European Space Agency

Objectives

Next generation high throughput telecommunication satellites will be required to utilize Q-/V-band for the feeder link in order to satisfy the bandwidth needs for the user link. Q-band TWTs are under development in Europe, but critical technology and sub-system elements for Q-Band EPCs are not available yet to cover the related very high TWT voltage levels.

In this activity high voltage technologies, sub-assemblies and thermal management techniques needed for Q-band EPCs were to be developed and demonstrated via a breadboard.

A complete high voltage module breadboard including transformer and insulation material was to be built and tested to fully validate the technologies developed

Validation was to include test of EPC BB and technology samples according to the agreed Evaluation Plan.

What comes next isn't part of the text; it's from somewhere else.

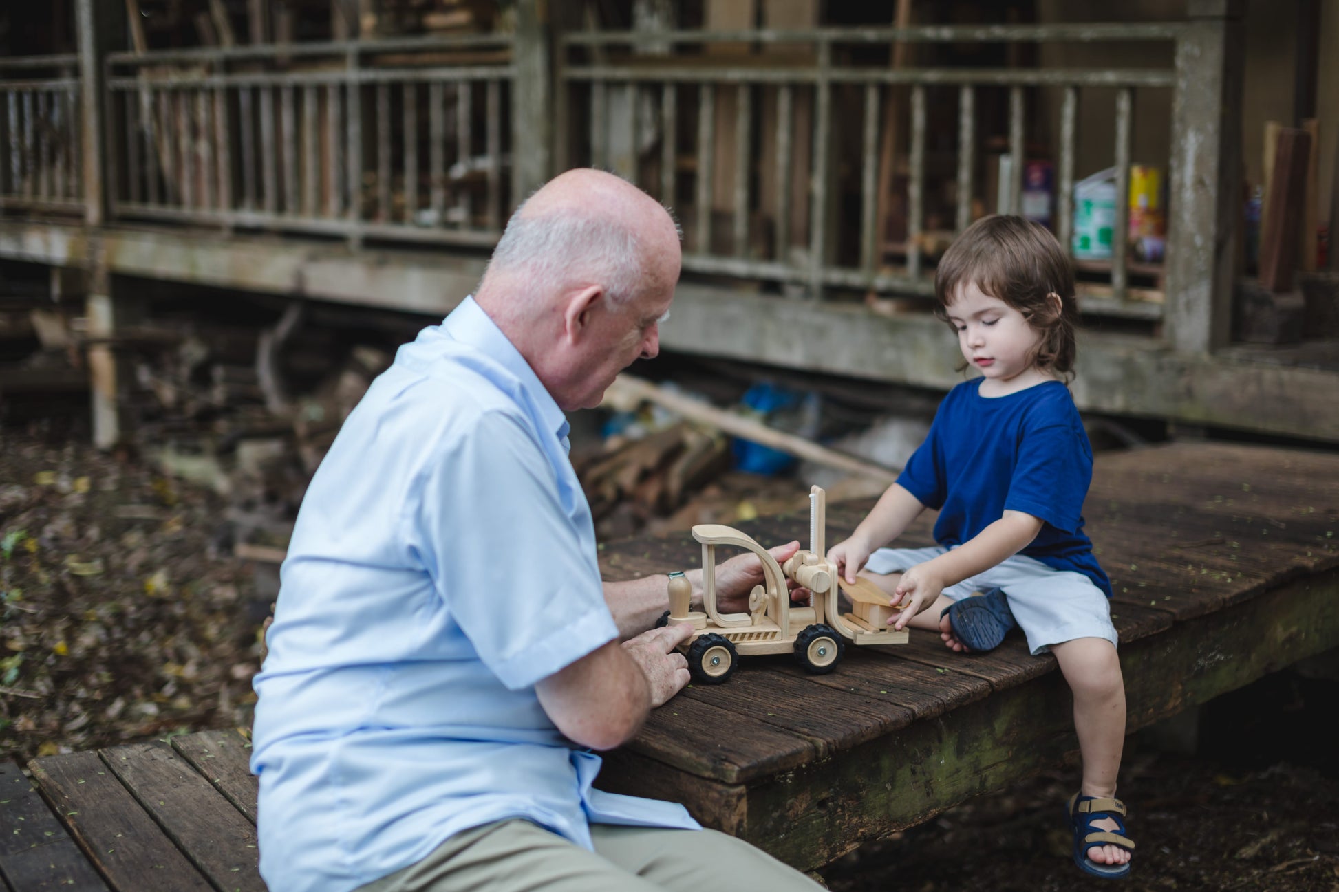 The design and function of this vehicle is based on a real forklift. The back knob helps direct the forklift from left to right, and the lift makes a sound when the side knob is turned to move the pallet and wooden cubes up or down.
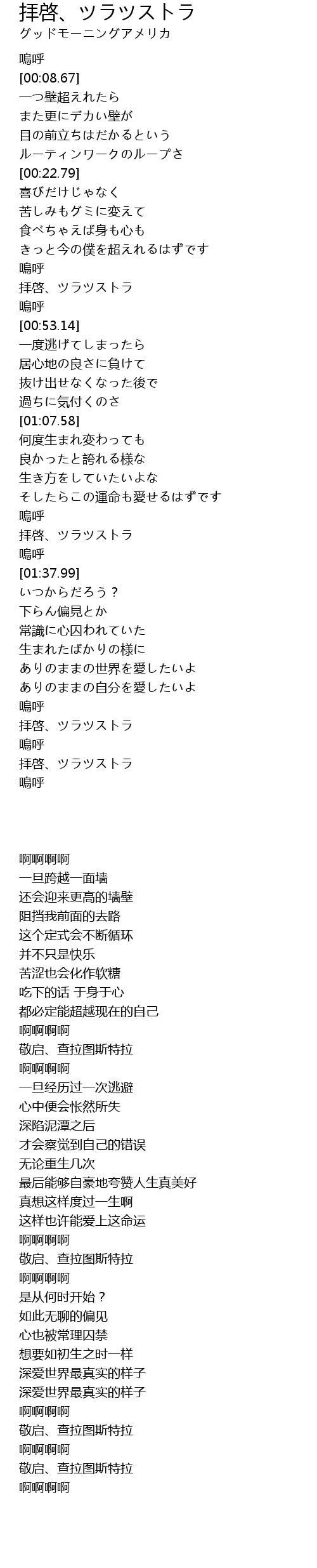 拝啓、ツラツストラ |

Assumed requirements were helix voltages of about 15 kV, DC power consumption of 300-400W and RF power 150-200W

Challenges

Major challenges were to establish a suitable requirements baseline with ongoing TWT developments and selection and incorporation of major design drivers to ensure optimal trade-off concerning cost and performance of design

Benefits

Compact 15kV HV module design by making extensive use of SMT parts compared to previous designs

Features

The EPC using the new 15kV HV-module is comparable in size to Tesats FPM design and successfully passed 1500h TV test.

System Architecture

The Q-Band EPC uses a LV-Board, Interface-Board and a HV-Board. As part of this activity main focus was set on HV-Board. The voltages are generated by one high voltage transformer. Current limiting resistors are inserted to prevent damage in case of external short circuit.

A cathode current regulator is connected to a convenient voltage within the high voltage generation. A helix voltage regulator is implemented for minimal helix voltage variation.

Plan

The Q-Band EPC uses a LV-Board, Interface-Board and a HV-Board. As part of this activity main focus was set on HV-Board. The voltages are generated by one high voltage transformer. Current limiting resistors are inserted to prevent damage in case of external short circuit.

A cathode current regulator is connected to a convenient voltage within the high voltage generation. A helix voltage regulator is implemented for minimal helix voltage variation.

Current status

All activities within this project have been completed

Status date

Wednesday, December 2, 2020 - 09:38